Preventing hypokalemia in critically ill patients.
Am J Crit Care. 2014 Mar;23(2):145-9
Authors: Scotto CJ, Fridline M, Menhart CJ, Klions HA
Background Many therapies used in critical care cause potassium depletion. Current practice relies on potassium replacement protocols after a patient becomes hypokalemic. Potassium bolus therapy creates risk for patients, is costly, and increases nurses’ workload. Objectives To determine if administering potassium preemptively in maintenance intravenous fluid would prevent episodes of hypokalemia and reduce the need for potassium boluses. Methods Medical records of 267 patients with normal potassium and creatinine levels at admission who did not receive total parenteral nutrition were reviewed. The 156 patients who met the study criteria were categorized by group: those who received potassium via maintenance intravenous fluid (treatment; n = 76) and those who did not (control; n = 80).

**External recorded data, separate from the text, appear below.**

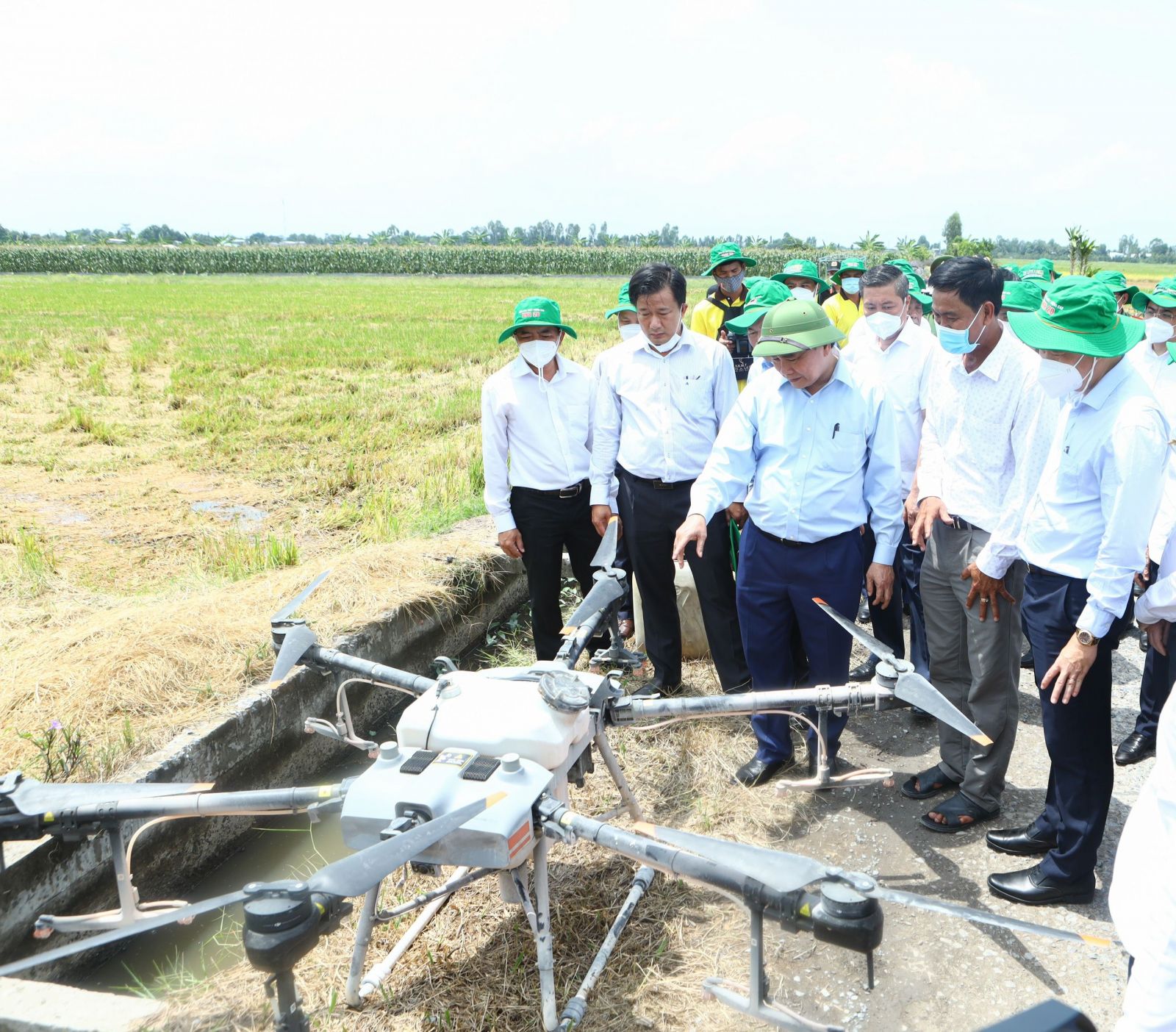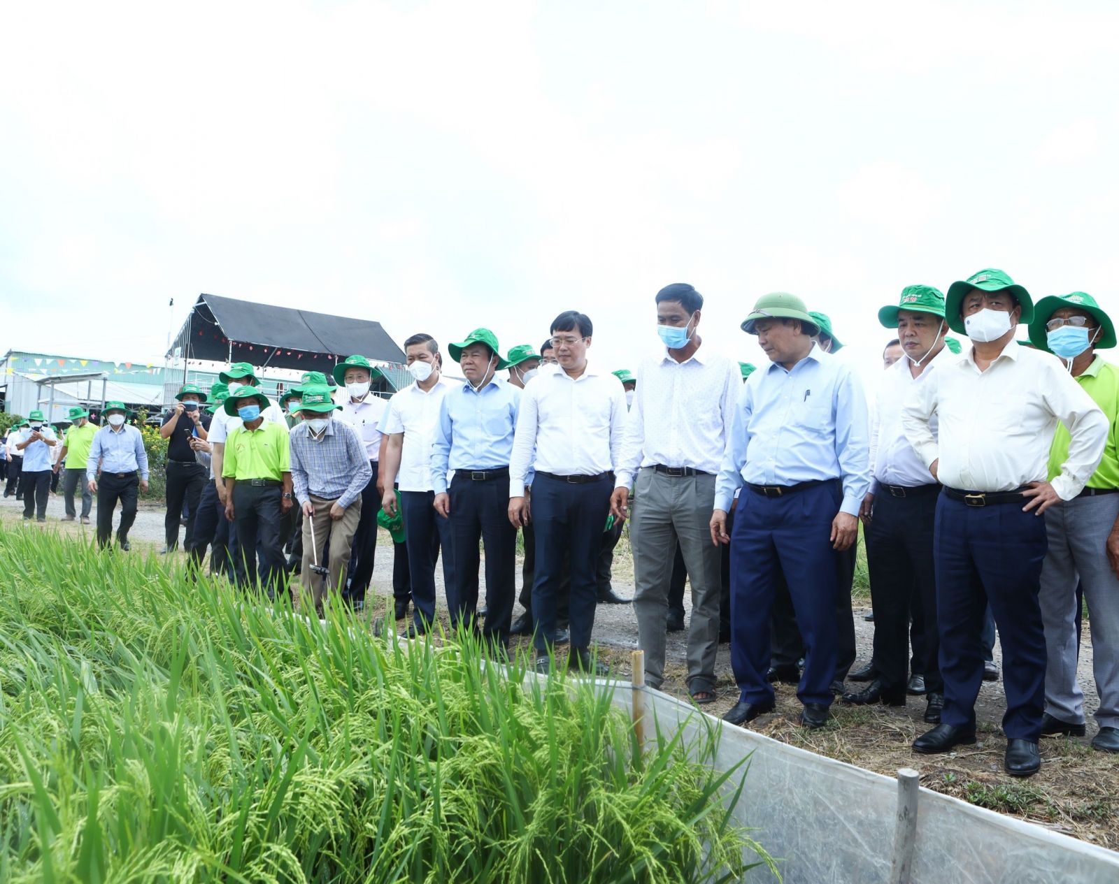 Thăm mô hình trồng lúa của Hợp tác xã Dịch vụ Nông nghiệp Mỹ Đông 2. Ảnh: VPCTN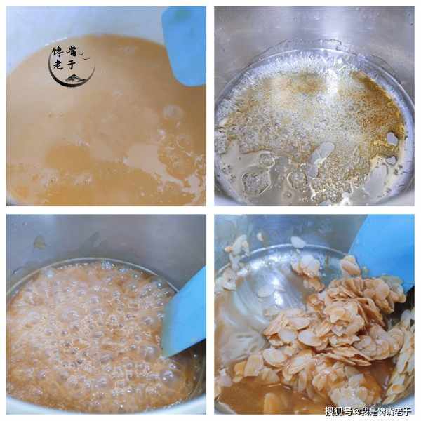 另起一鍋,倒入綿白糖和少許的水,熬出糖色後倒入前面煮好的麥芽糖漿,同樣也是邊煮邊攪拌,煮至冒泡後加入杏仁片繼續攪拌均勻。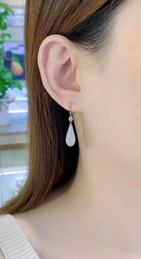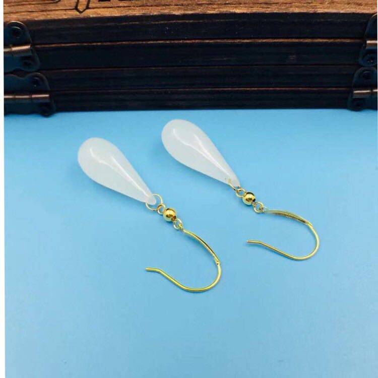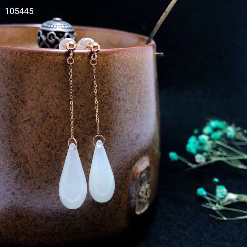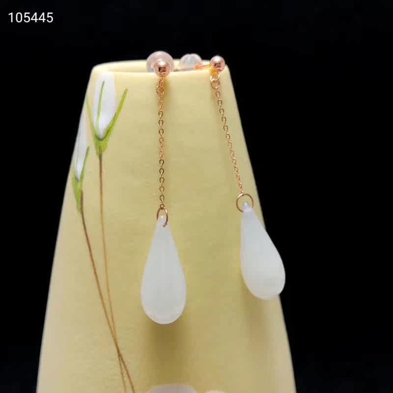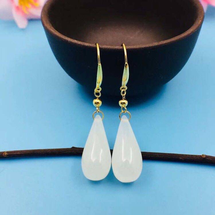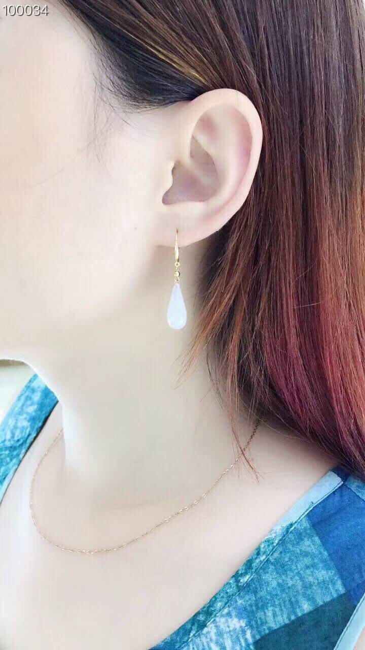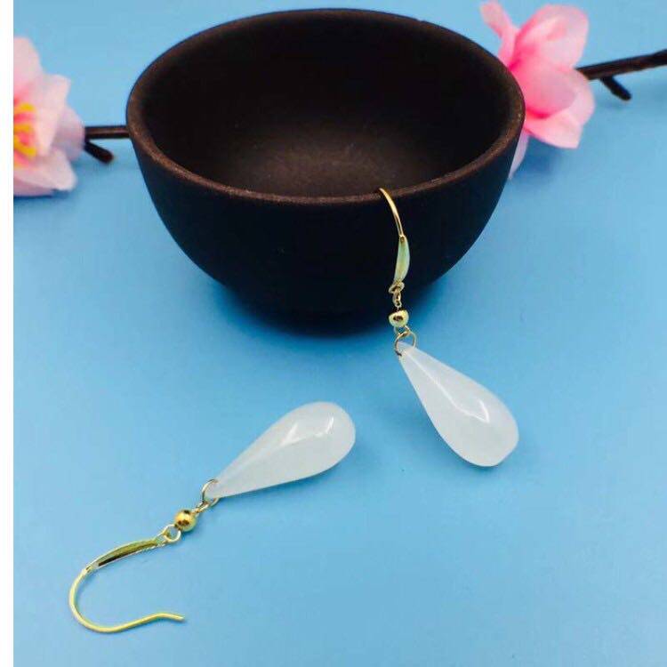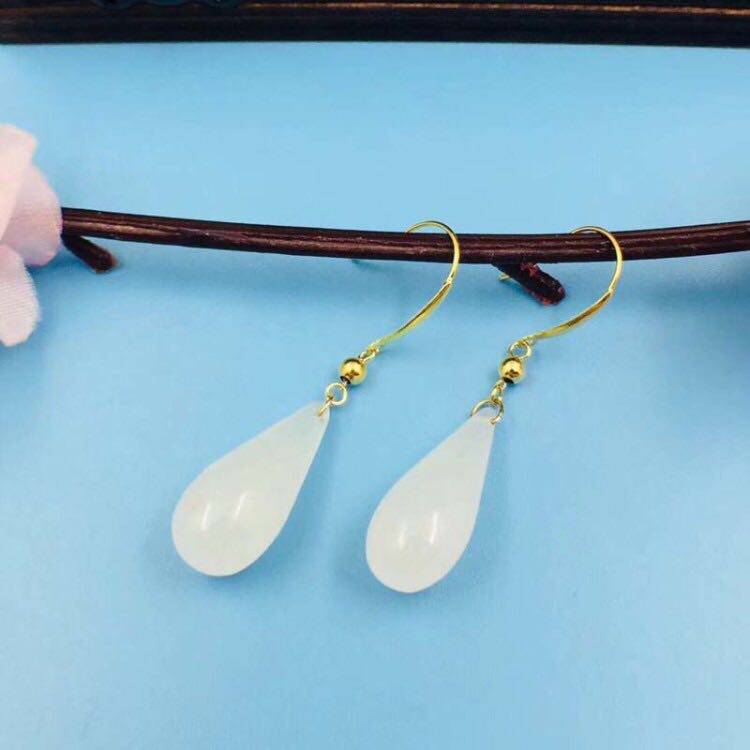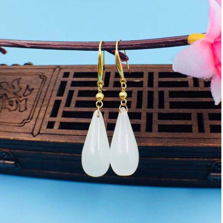 Изумрудные серьги из округа Хотан из белого нефрита в форме капли, золото 750 пробы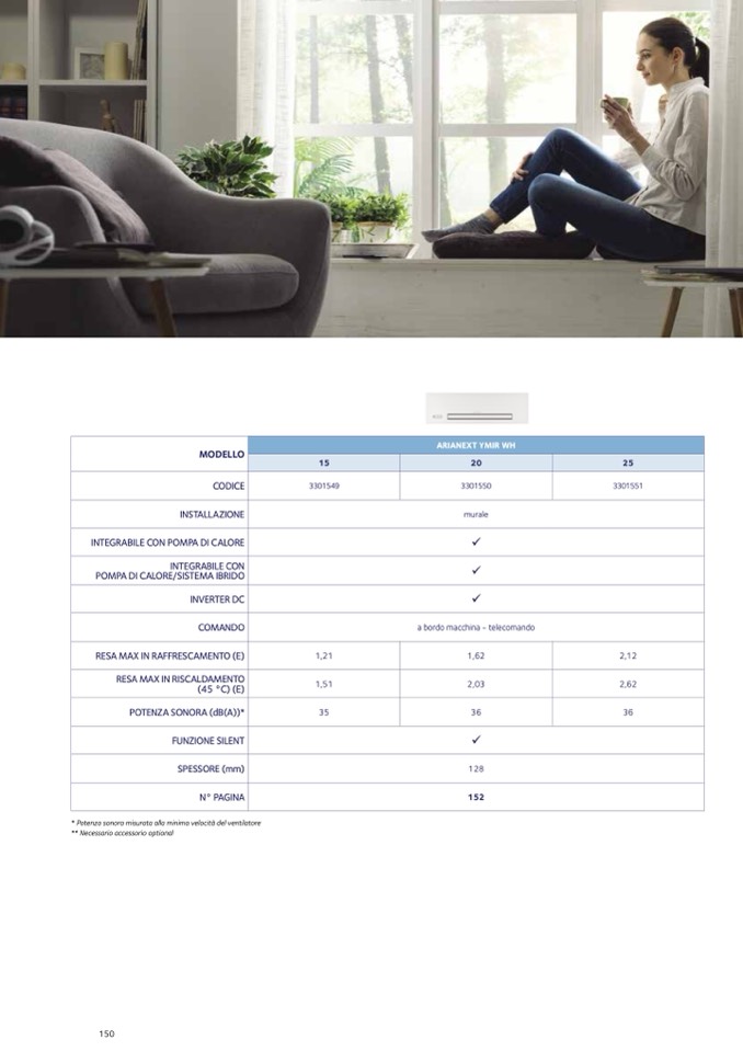 * Potenza sonora misurata alla minima velocità del ventilatore

The treatment group had potassium chloride or acetate added to intravenous fluid delivered at 36 to 72 mmol/d. Results The 2 groups did not differ significantly in age, race, sex, or admitting diagnosis. Type of diagnosis, length of stay, and potassium and creatinine levels at admission did not affect the number of potassium boluses for either group. The patients given maintenance potassium preemptively received significantly fewer (P < .001) potassium boluses (0.8) than did the control group (2.73), for a mean savings of $231 per patient for the treatment group. Conclusions Patients with normal potassium and creatinine levels at admission benefitted from a maintenance intravenous dose of potassium of 72 to 144 mmol/L per day. Compared with control patients, patients receiving this dose avoided detrimental hypokalemic events, had fewer invasive procedures and lower costs, and required less nursing care.